## ACTIVITY
Give back, word for word, the lines in the listing below from the one holding "The school reacted" down to the one holding "夏季儿童凉鞋外穿塑料平底镂空凉鞋百搭果冻搭扣透明鸟巢女童凉鞋", both ends included.

## INPUT
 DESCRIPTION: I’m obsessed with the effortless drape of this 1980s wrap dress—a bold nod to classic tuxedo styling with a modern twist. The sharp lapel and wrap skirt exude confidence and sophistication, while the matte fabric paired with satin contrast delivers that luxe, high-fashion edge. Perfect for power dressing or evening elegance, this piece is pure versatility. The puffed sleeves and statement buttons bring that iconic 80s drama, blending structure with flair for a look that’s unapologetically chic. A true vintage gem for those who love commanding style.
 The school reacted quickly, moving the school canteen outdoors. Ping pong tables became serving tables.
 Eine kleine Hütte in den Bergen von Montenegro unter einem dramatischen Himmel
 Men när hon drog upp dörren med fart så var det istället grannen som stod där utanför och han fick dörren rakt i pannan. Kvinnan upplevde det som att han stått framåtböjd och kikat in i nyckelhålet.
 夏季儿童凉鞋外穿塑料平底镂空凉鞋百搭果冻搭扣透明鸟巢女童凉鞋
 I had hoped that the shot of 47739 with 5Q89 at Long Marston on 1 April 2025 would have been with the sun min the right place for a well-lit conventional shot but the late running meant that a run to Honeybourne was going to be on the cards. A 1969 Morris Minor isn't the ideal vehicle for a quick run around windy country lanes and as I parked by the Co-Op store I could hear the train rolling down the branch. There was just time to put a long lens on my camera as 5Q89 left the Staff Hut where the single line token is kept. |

--

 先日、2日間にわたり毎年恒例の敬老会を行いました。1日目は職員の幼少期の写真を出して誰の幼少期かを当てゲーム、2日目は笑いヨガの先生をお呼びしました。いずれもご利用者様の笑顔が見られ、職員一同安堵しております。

--

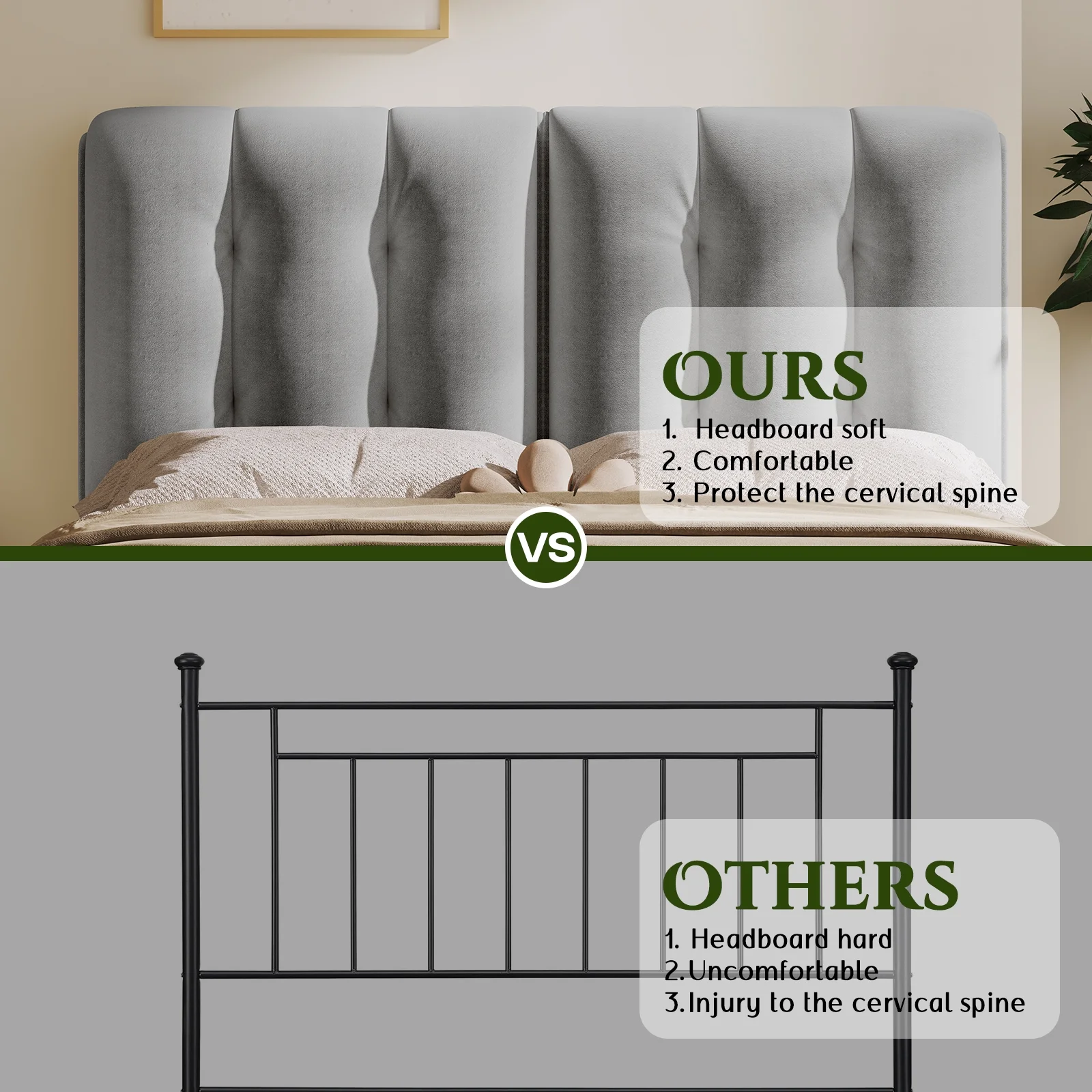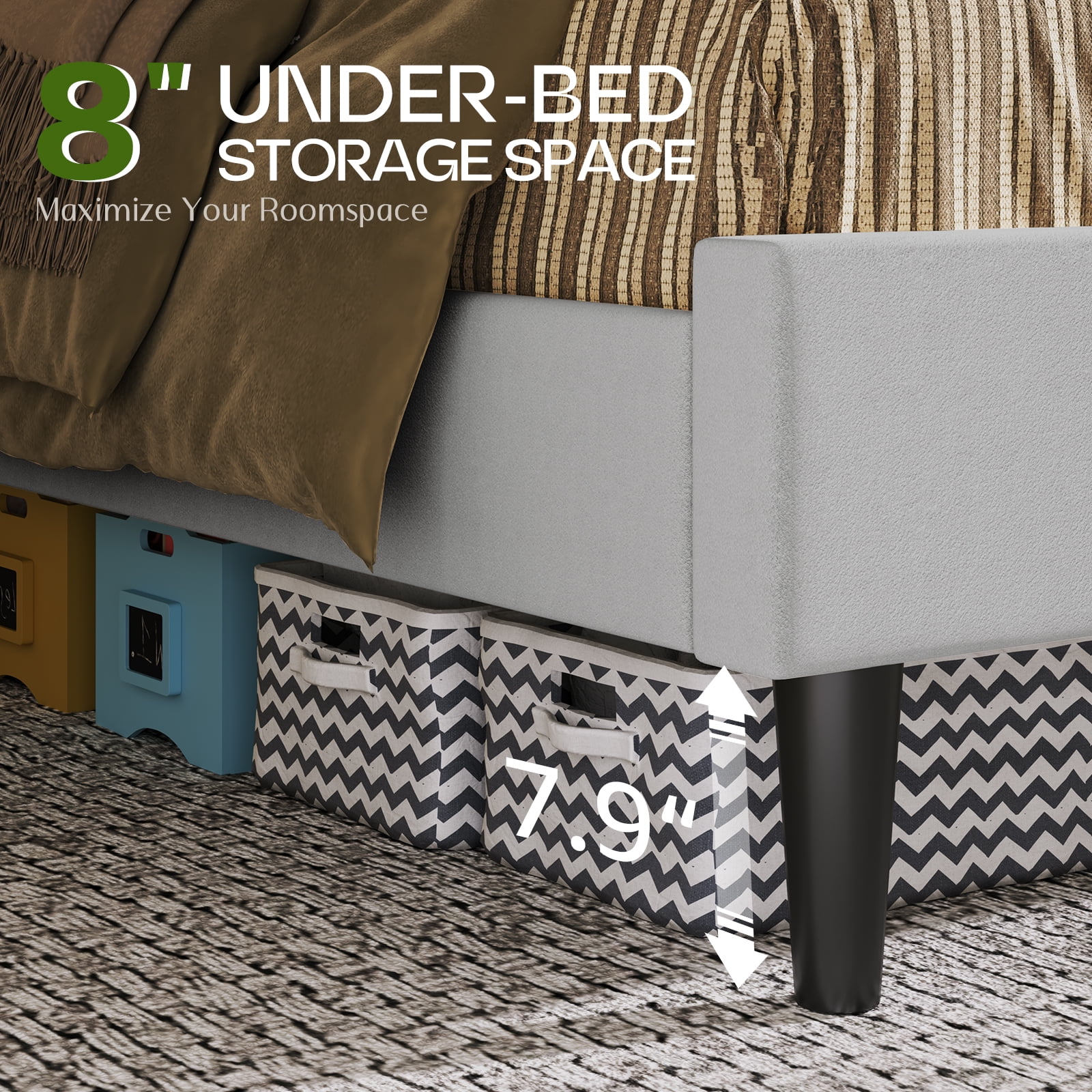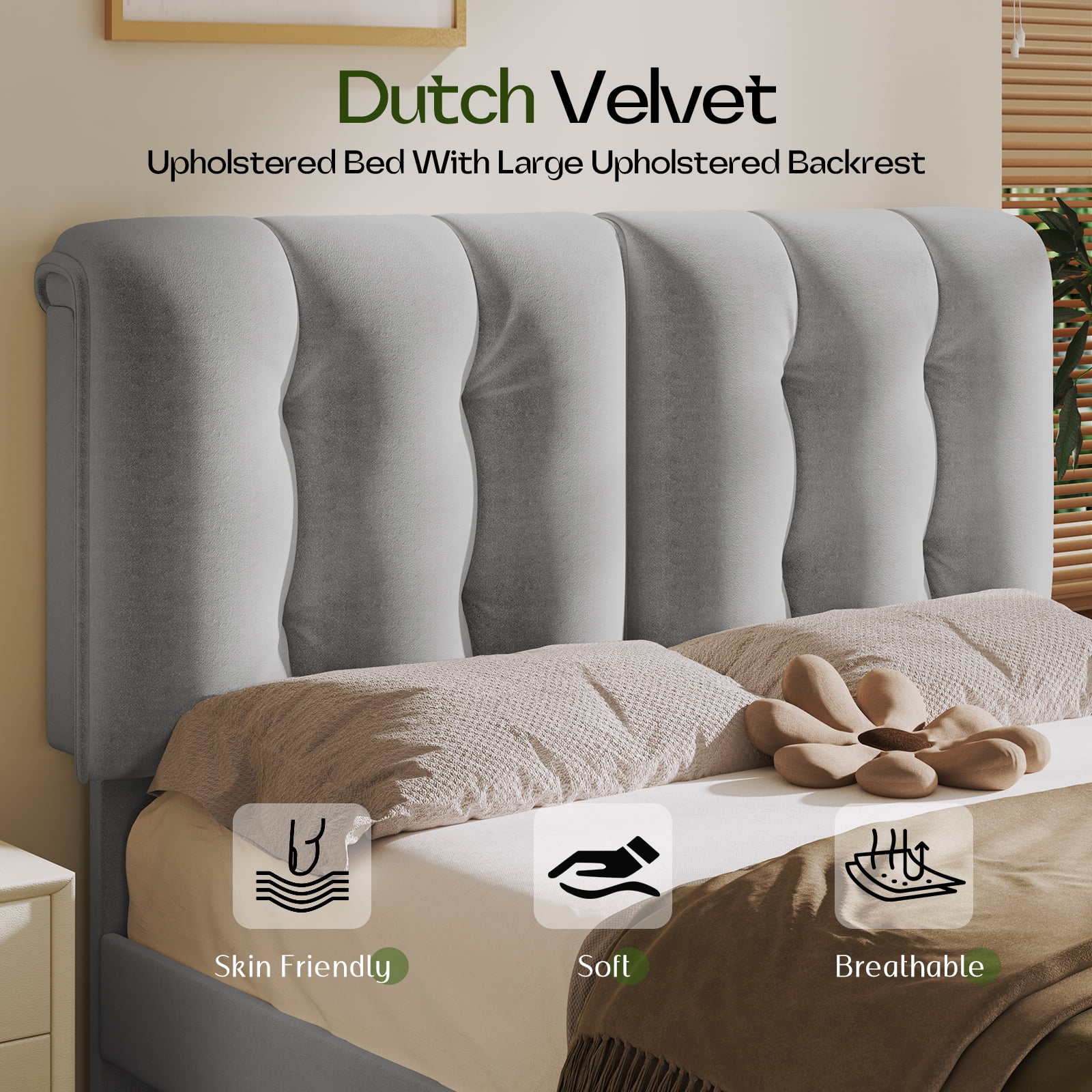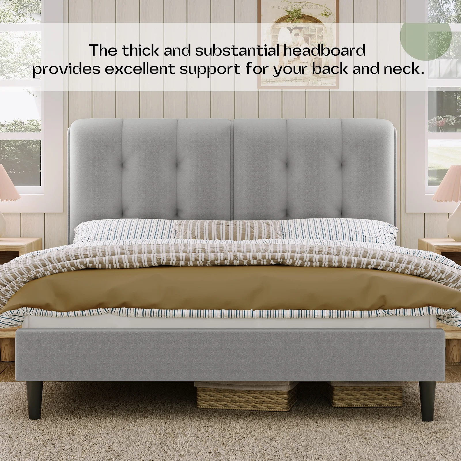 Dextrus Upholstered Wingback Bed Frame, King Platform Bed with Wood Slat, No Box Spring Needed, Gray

## ANSWER TO THIS TASK
 The school reacted quickly, moving the school canteen outdoors. Ping pong tables became serving tables.
 Eine kleine Hütte in den Bergen von Montenegro unter einem dramatischen Himmel
 Men när hon drog upp dörren med fart så var det istället grannen som stod där utanför och han fick dörren rakt i pannan. Kvinnan upplevde det som att han stått framåtböjd och kikat in i nyckelhålet.
 夏季儿童凉鞋外穿塑料平底镂空凉鞋百搭果冻搭扣透明鸟巢女童凉鞋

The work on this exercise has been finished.